NC Mountain Girl | April 27, 2015 at 7:33 pm

I am always amused when the anti-GMO types own pets such as French Bulldogs. The poor creatures cannot breed or give birth naturally because of the ay humans have modified their genes to give them that funny appearance.

I am going to teach myself photosynthesis and then write a book about it and go on Dr. Oz and sell stuff to liberals.

You too can learn the ancient techniques of photosynthesis. These secrets were found in 12,000 year old texts recently discovered in Arizona. These sacred texts were written by the Anasazi Indians in their native language Amquzpoiubauemale.

I have translated these sacred writings into both Texan and English and copies will be available from Amazon for $29.95. But wait…. there’s more. For an additional $9.99 I will send you a map of the 23,495 most sacred Indian sites in Arizona.

They’ll have to replace the corn with Maize, as corn is GM Maize.

I have yet to see any real tangible evidence that GMOs are harmful.

90%+ of the soybeans and soy products (including soybean oil in many of our foods) come from GMO soy plants.

Now, Monsanto, on the other hand…

    Midwest Rhino in reply to healthguyfsu. | April 28, 2015 at 8:42 am

    But “they” keep putting out these fake reports, which get big play in media, but no big news when they are proven to be just another lie.

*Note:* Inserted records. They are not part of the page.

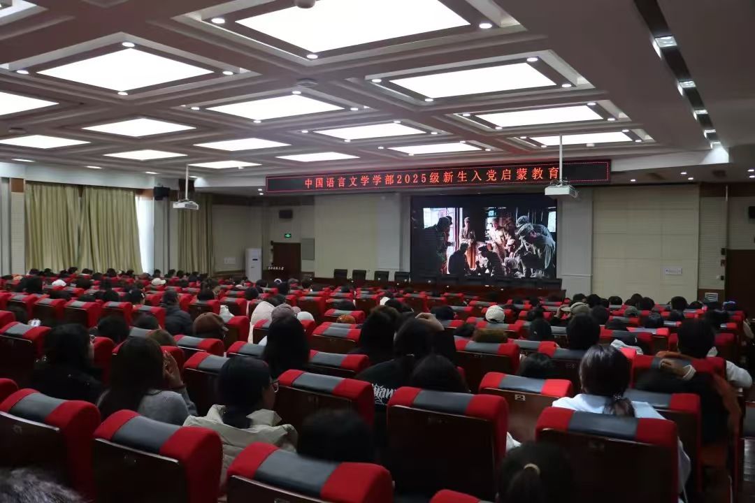 为深入落实立德树人根本任务,引导学生坚定理想信念、勇担时代使命,鼓励有志青年积极向党组织靠拢,2025年10月25日,中国语言文学学部面向2025级全体新生组织开展入党启蒙教育活动。学部党委副书记、学生管理办公室主任旦正才让同志、研究生兼职辅导员唐飞虎同志、学生党员代表韩进财同志及全体2025级新生参加本次活动。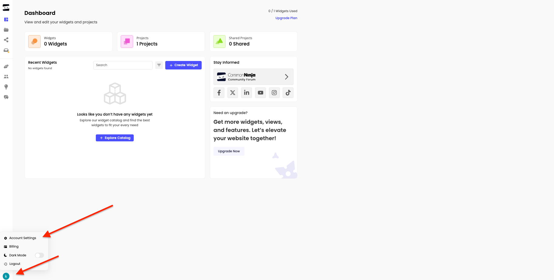 1. Log in to your Common Ninja account at https://www.commoninja.com/login :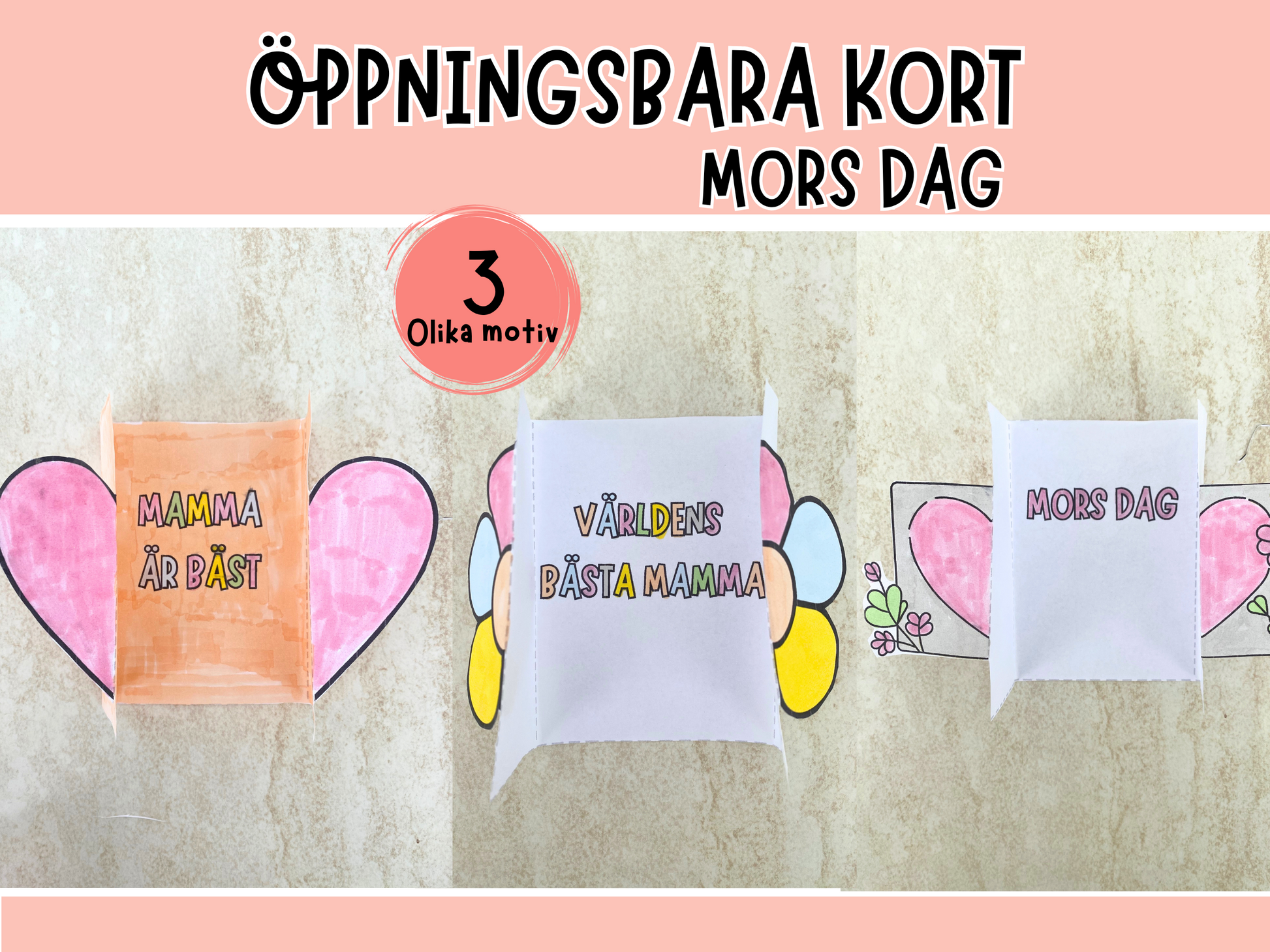 💐 Tre olika kortmotiv med mors dag-tema – alla är öppningsbara och barnvänliga
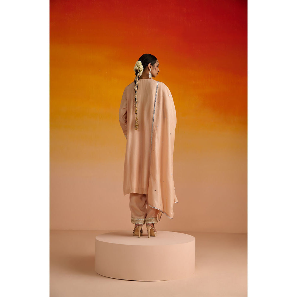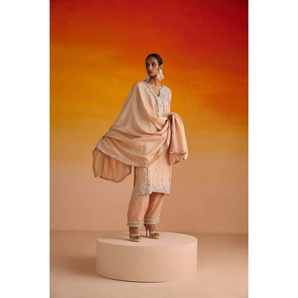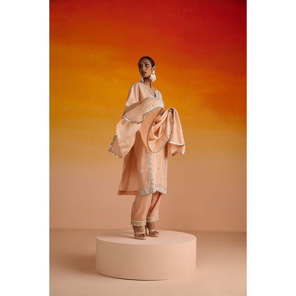OHH CROW Peach Embroidered Opara Silk Kurta with Pant and Dupatta (Set of 3)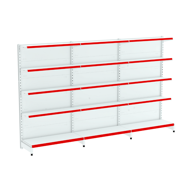 Kit Gôndola Parede Branca 3,00m de Largura x 1,70m de Altura – AmapáAs Gôndolas Amapá Premium Flex são ideais para armazenagem e exposição de seus produtos em supermercados, mercearias, farmácias, lojas de utilidades, materiais de construção, agropecuárias e muito mais.Prática e fácil de montar possui um sistema de encaixe sem utilização de parafusos, com bandejas reguláveis a cada 4,5cm, pés com regulagem de altura e colunas dupladas. Além disso, as gôndolas recebem um tratamento especial em toda a superfície com pintura eletrostática epóxi, antibacteriana, uniforme e resistente.As gôndolas possuem qualidade, resistência e durabilidade garantidas pelo uso de matérias-primas de alto padrão, processos produtivos com a mais alta tecnologia do mercado e um cuidado especial em cada etapa de produção.DimensõesAltura: 1,70mComprimento: 3,00mProfundidade da Bandeja da Base: 0,40mProfundidade das Bandejas Superiores: 0,30mProfundidade da Lateral: 0,45mCaracterísticasCor: BrancaComprimento da Bandeja: 0,95mQuantidade de Bandejas por Gôndola: 5Capacidade das Bandejas Superiores: 40 kgCapacidade das Bandejas Inferiores: 60 kgPorta Etiquetas Cor: Amarela.Contém- 01 Gôndola Premium Flex 1,70m Branca Parede Inicial 40/30 – Amapá - 02 Gôndolas Premium Flex 1,70m Branca Parede Continuação 40/30 – Amapá.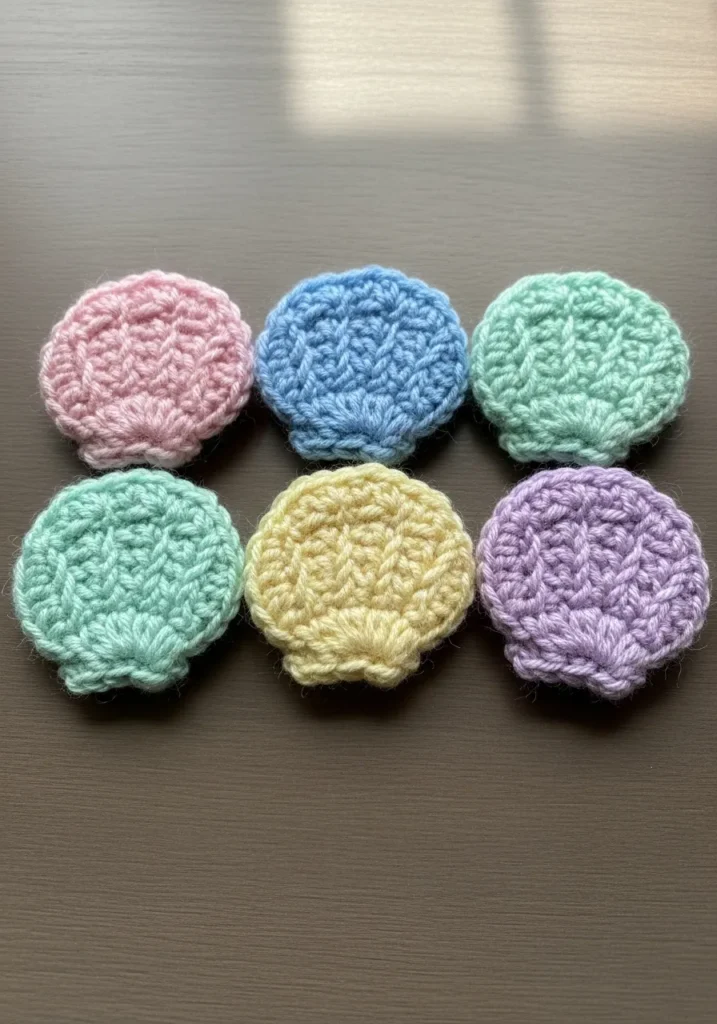 These small round crochet scrubbies come in soft pastel shades like mint, lavender, baby blue, pale yellow, and blush pink. Each one has a slightly textured circular stitch pattern that helps with gentle exfoliation. The yarn looks soft yet durable, making them perfect for facial cleansing or dish washing. Their compact size makes them easy to stack in a bathroom basket or by the sink.
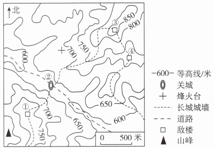北京某学校地理兴趣小组的同学要去攀登长城,并在带队老师的指导下开展野外考察活动。读长城某段等高线地形图,回答4~5题。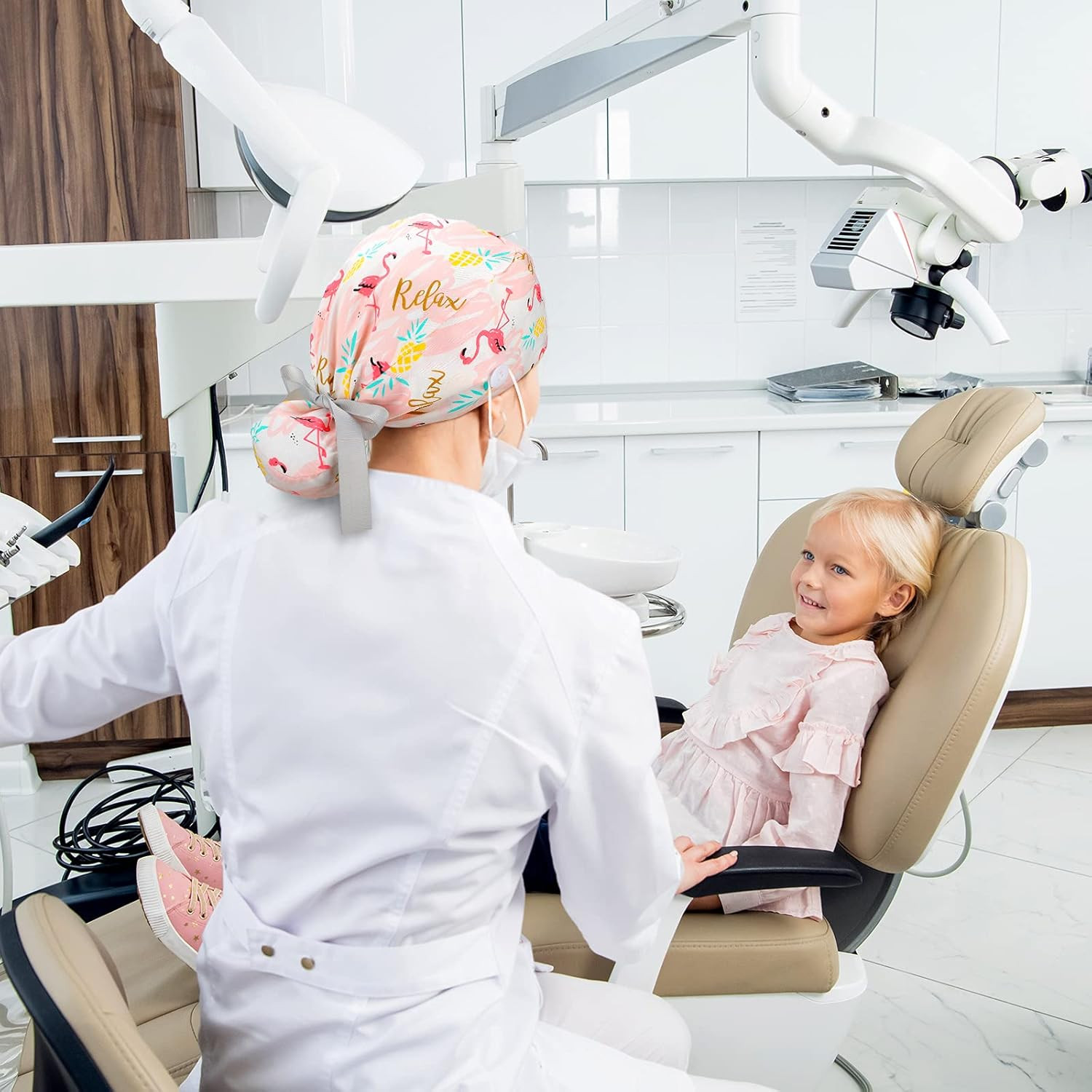 как выглядит 8 Pieces Scrub Caps with Buttons Bouffant Hats with Sweatband Adjustable Ponytai фото

    I wonder if these same people refuse some of the miracle drugs we have come up with for various treatments. Of course some refuse the vaccines, but only get away with it because we have almost eliminated those diseases in the US.

    Corn in the market is also mostly GM, and the whole labeling movement is just designed to freak out the ignorant folks. There is some premium farmers get for the non-GM, and the seed is cheaper. $250 for one bag of corn … that stuff ain’t cheap. The non-GM seed isn’t cheap either.

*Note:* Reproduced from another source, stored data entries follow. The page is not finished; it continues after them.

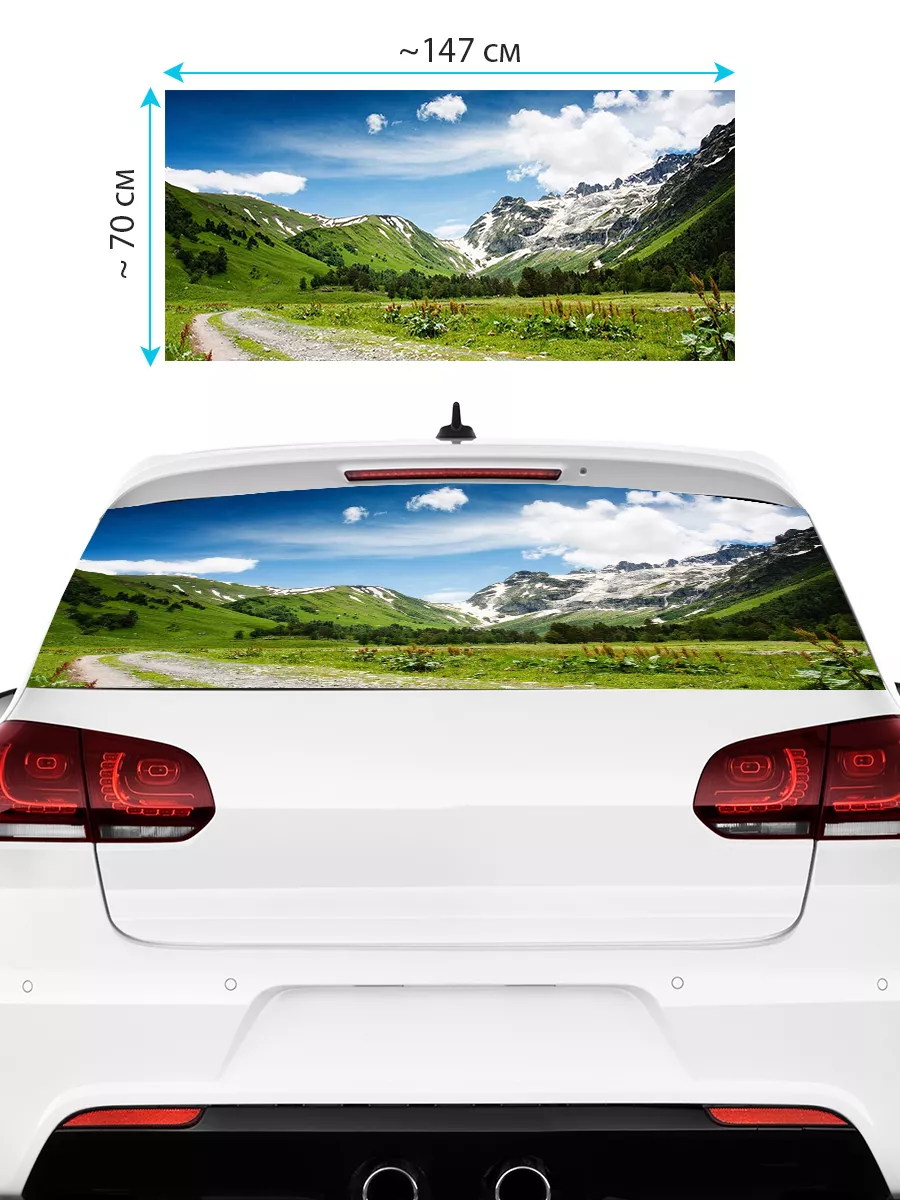 Преобразите внешний вид вашего авто с помощью большой наклейки - сетки на заднее стекло с изображением горного пейзажа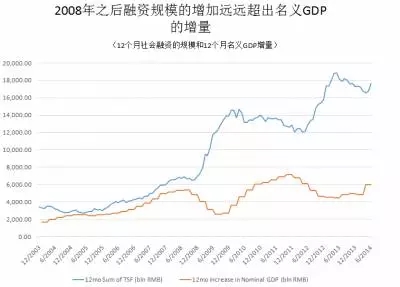 第一个就是,尽管GDP的增速下降到了6.5%左右,但社会融资规模增加依然保持了两倍于GDP增量的扩张趋势。这两者之间,现在开始严重分化,而在2008年之前,这个现象没有出现过。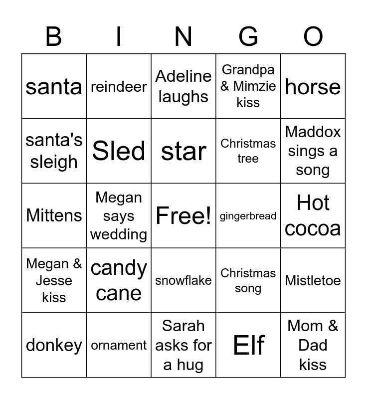 This bingo card has a free space and 24 words: candy cane, ornament, star, donkey, horse, santa, santa's sleigh, reindeer, gingerbread, snowflake, Christmas tree, Mittens, Christmas song, Mistletoe, Sled, Elf, Hot cocoa, Adeline laughs, Maddox sings a song, Megan says wedding, Mom & Dad kiss, Megan & Jesse kiss, Grandpa & Mimzie kiss and Sarah asks for a hug.

You mean that tofu is off the menu? Wow!

There are too many restaurant choices these days to spend money at one which endorses leftist nonsense like fear of “GMO” crops.

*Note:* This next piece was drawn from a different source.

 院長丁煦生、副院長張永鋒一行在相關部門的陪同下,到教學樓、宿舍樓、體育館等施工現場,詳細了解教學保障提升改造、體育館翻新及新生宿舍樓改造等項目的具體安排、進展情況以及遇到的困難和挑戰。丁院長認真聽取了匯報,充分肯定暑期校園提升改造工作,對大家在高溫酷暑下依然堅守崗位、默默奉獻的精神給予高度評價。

The FACT is, there is virtually no plant in the mainstream food chain, including grasses, which has not been genetically modified. That’s what Luther Burbank did, following Mendel, etc. Granted, they only used cross-pollination and selective breeding, but that’s all they had available.

– –

And you can’t tell the difference between traits added over time by pollination and those added in a genetics lab. No one can.

It’s superstition, and I refuse to support it with a single dime.

Let me know when they will be Hillary free and I might show up.

Midwest Rhino | April 28, 2015 at 8:44 am

Cows eat grass all day, but they come running for the corn with supplements. The best marbled beef isn’t just grass fed, as I understand it.

    healthguyfsu in reply to Midwest Rhino. | April 28, 2015 at 9:13 am

    If I were going to raise ideal beef I’d grass fed them 90% through their juvenile rearing and then switch to a more mixed diet of corn and grass for the adults.

    Or we can always make Kobe Lobster. That’s lobster fed an exclusive diet of Kobe beef. (ref anyone?)

Henry Hawkins | April 28, 2015 at 9:01 am

It’s been the same early history – the effort to combine positive traits from different plants or animals into one. The effort has always been limited by the science and technology of the time. Over the years it changed, improved of course. But what’s going on in the finest GMO labs of today has the same goal as in ancient history – combining positive traits from various organizations into one organism.

Ultimately, because anti-GMO-ers misunderstand or reject the science, often willfully, it’s a case of fear of the unknown with a dash of Luddite-ism and a pinch of anti-corporatism.